Pre-commit setup for the repo
This PR addresses what has been mentioned in #1070.
What this PR includes:
- pre-commit configuration for formatters:
- clang-format: c++ project files formatting
- pyink: google's python formatter that is close to black, but allows 2-indent formatting (oh the humanity...)
- cmake-format: formatting style for cmake files
- isort: sort python imports alphabetically (can use profile=black, so I hope this profile works with pyink too)
- black: the python formatter (commented out but added for when google policy on 2-indent changes)
- pylint: using google's official configuration. Since this config enforces 2-indent, pyink is needed.
- common pre-commit checks:
- id: check-added-large-files
- id: check-case-conflict
- id: check-docstring-first (currently uncommented as some files would need manual changing)
- id: check-merge-conflict
- id: check-symlinks
- id: check-toml
- id: check-yaml
- id: debug-statements
- id: end-of-file-fixer
- id: mixed-line-ending
- id: requirements-txt-fixer
- id: trailing-whitespace
- common python checks:
- python-check-blanket-noqa
- id: python-check-blanket-type-ignore
- id: python-no-log-warn (uncommented because clashes in multiple places where logging.warn has been used)
- id: python-no-eval
- id: python-use-type-annotations
As a side effect of the pre-commit checks I have moved the setup definition into a pyproject.toml, since it allows to also write the configurations for some of these tools.
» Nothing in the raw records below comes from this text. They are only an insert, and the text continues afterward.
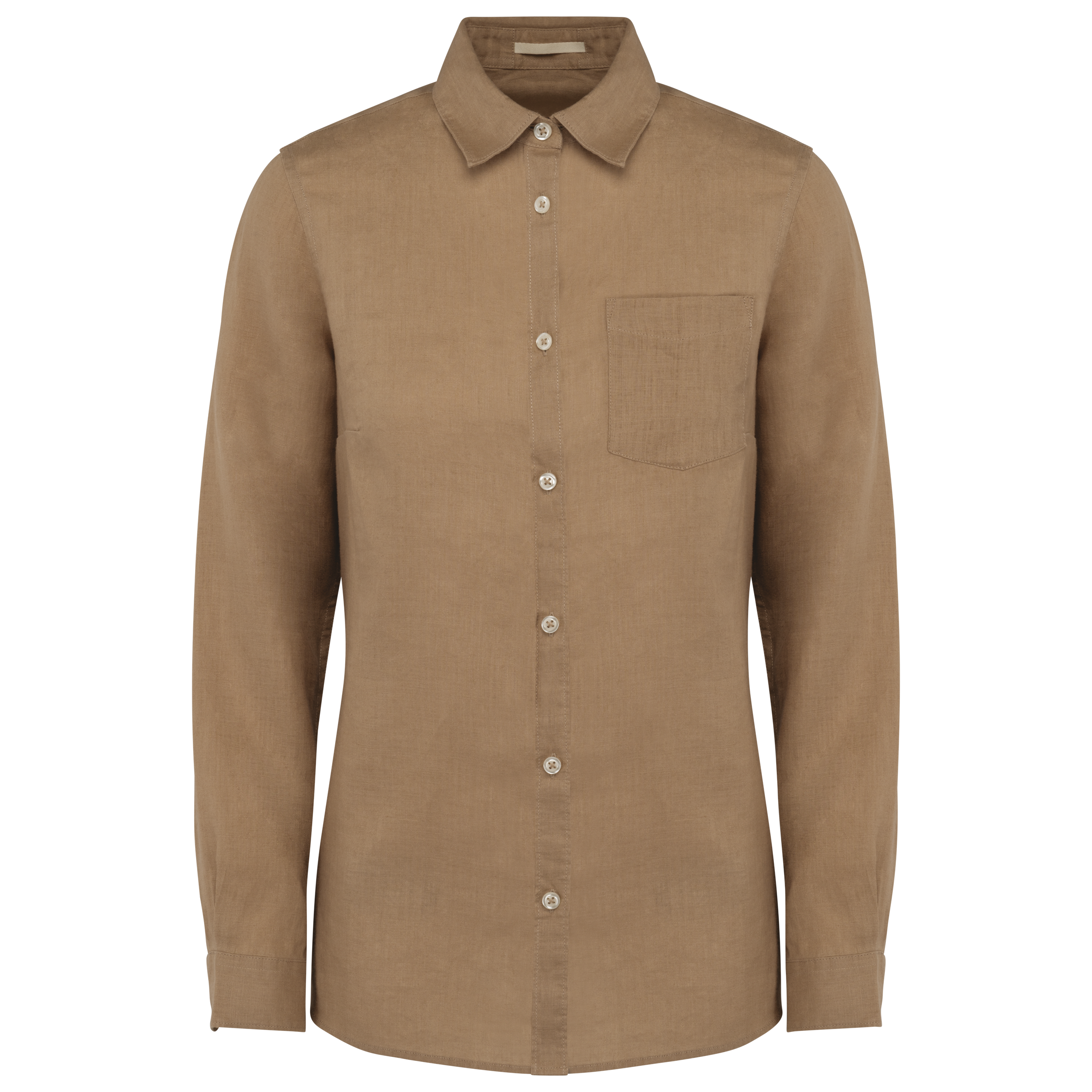 100% lin. Tissé. Coupe droite. Patte de boutonnage classique avec boutons effet nacré. Poche poitrine côté coeur. Empiècement dos avec plis d'aisance. Poignet boutonné avec patte capucin. Galon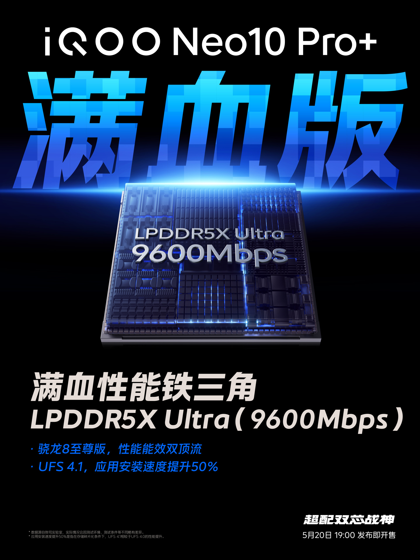 文章来源于互联网:IT之家-iQOO Neo10 Pro+ 手机预热:蓝晶 × 骁龙 8 至尊版、LPDDR5X Ultra+UFS 4.1 组合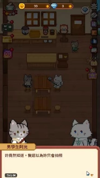 你即将踏入一个满溢温情与梦想的像素天地。故事的序幕由一位年迈的虎斑灰猫爷爷拉开,他把毕生的梦想交付给了一只年幼的橘白奶猫。而现在,这份梦想在你手中得以延续,你将成为一家全天候营业的咖啡馆的主人。形形色色的猫咪顾客会走进这家店,它们有的怀揣喜悦,有的带着忧伤,每一只猫咪都有着独属于自己的心事与故事。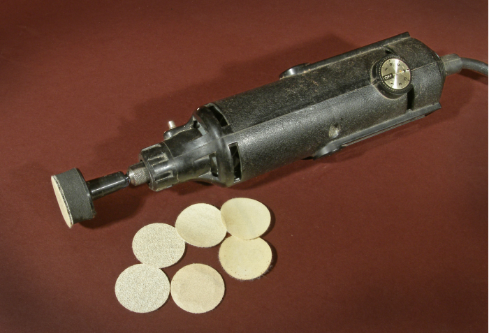 with the surrounding wood. Go through the grits as you normally do. I almost always use a sanding pad mounted in the chuck of a drill (power sanding) and concentrate on the filled area. For small voids, I find 1” disks held by a Dremel tool to be quite effective.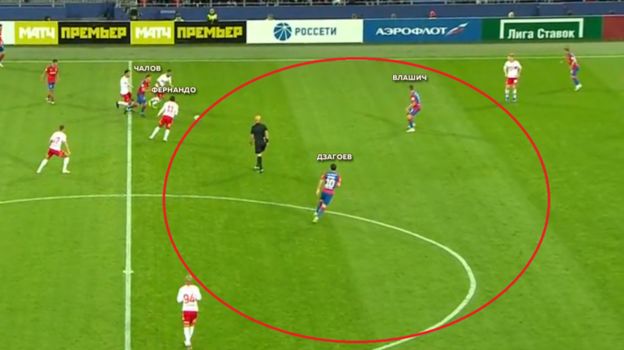 Влашич посылает мяч на линию штрафной площади. В опорной зоне "Спартаке" вновь никого нет, кроме игроков соперника. Дзагоев бьет и попадает в перекладину.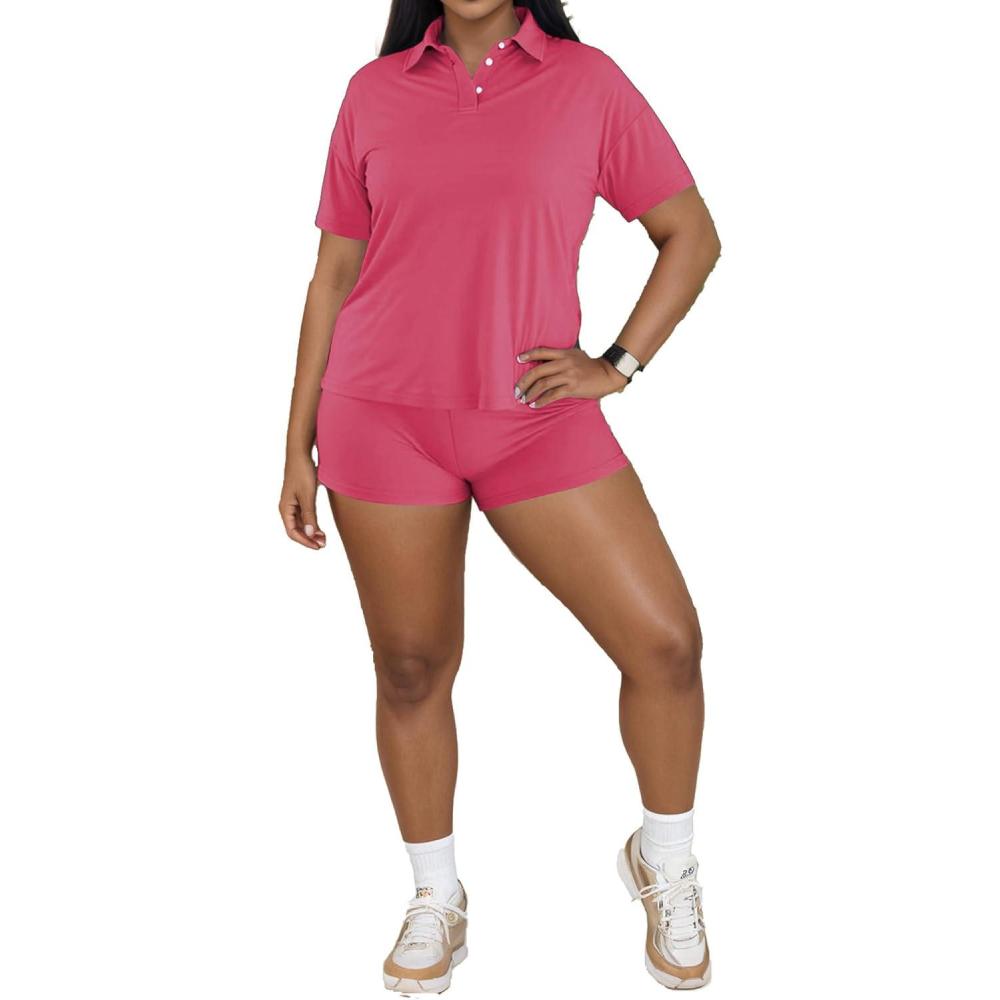 PINSV 2 Piece Sets for Women Short Sleeve Polo Shirts Shorts Outfit Tracksuit Summer(Pink)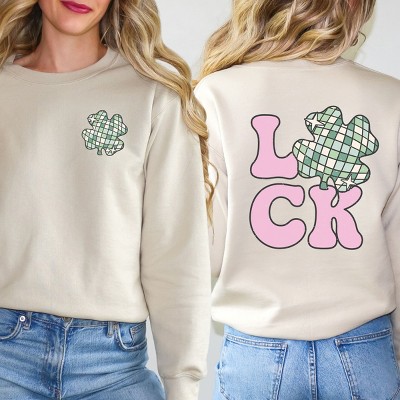 Product Name: Simply Sage Market Women's Graphic Sweatshirt Lucky Clover Checkered Front and Back - 2XL - Dust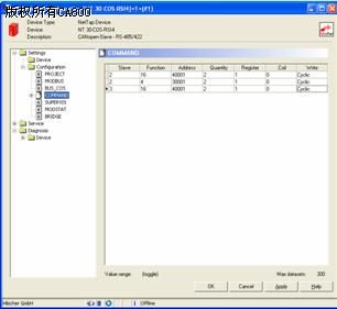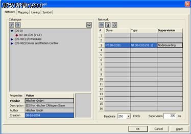 通过 Import按钮,添加从站EDS文件,德国赫优讯NT30-COS-RS的EDS名为“”,可通过多种途径获得,如赫优讯网站、netTAP光盘或咨询赫优讯上海办,EDS信息加载后,选中NT30-COS-RS,左下角会显示产品的基本信息。此时即可以双击添加从站,可添加多个从站,根据施耐德 CANopen主站模块信息,最多不超过16个接受PDO和16个发送PDO,如果每个从站设备的PDO数量不同,则连接的从站数量也将随之变化。从站地址可根据从站的实际地址进行对应,通过 上下键进行地址的选择,赫优讯NT30-COS-RS的从站地址通过拨码开关设定(一般从站地址的设定方式有两种:一种通过硬件设定,一种是通过软件设定),设定从站地址为3。另外需要对主站监控从站状态的方式进行设定,可选方式有:保护时间、心跳或不设定,本例中选择保护时间。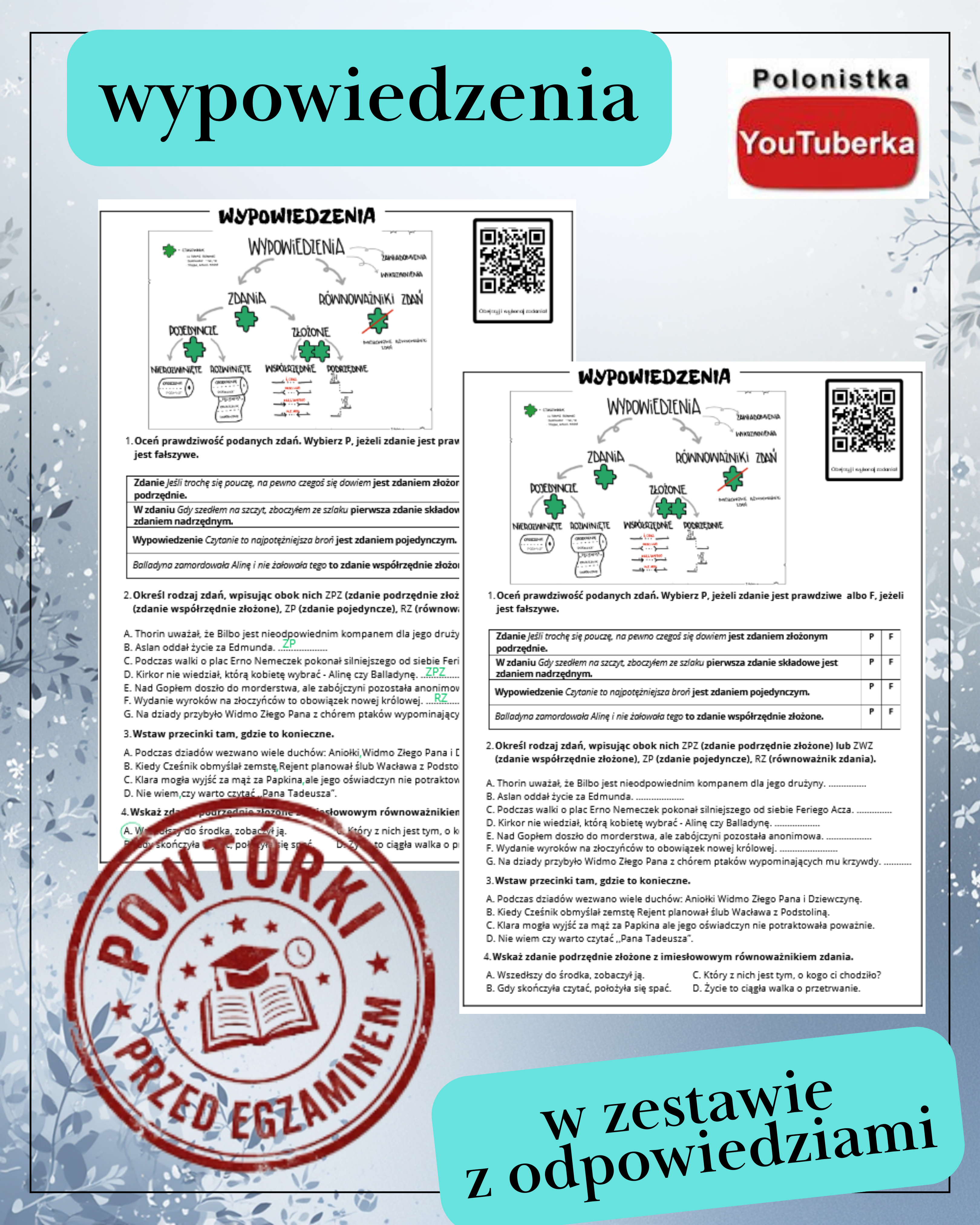 Kilka zadań typu egzaminacyjnego idealne na szybkie powtórzenie.

In consequence:
-
pyproject.tomlnow holds the metadata of the project (version, authors, license, etc.) -
setup.pyis only the extension builder
The dev-tools needed to run these pre-commits have also been added to the the pyproject.toml as optional dependencies of the dev group and could then be installed via:
pip install 'open_spiel[dev]'
or locally
pip install '.[dev]'
If this PR is accepted a remark in the docs should be made for developers who wish to contribute the upstream to run pre-commit install on their repo in order to activate the hooks.
Thanks @maichmueller !
Just a heads up: it will take a bit of time before we get to this as it involves learning a few things and discussion with the team.
Also we have a release coming up that I would like to get out first (hopefully next week).
We might import this (I think either way we will have to move to using pyproject.toml eventually) so I will look further into it eventually.
Could you pull from master and push the merge commit to resolve the branch conflicts?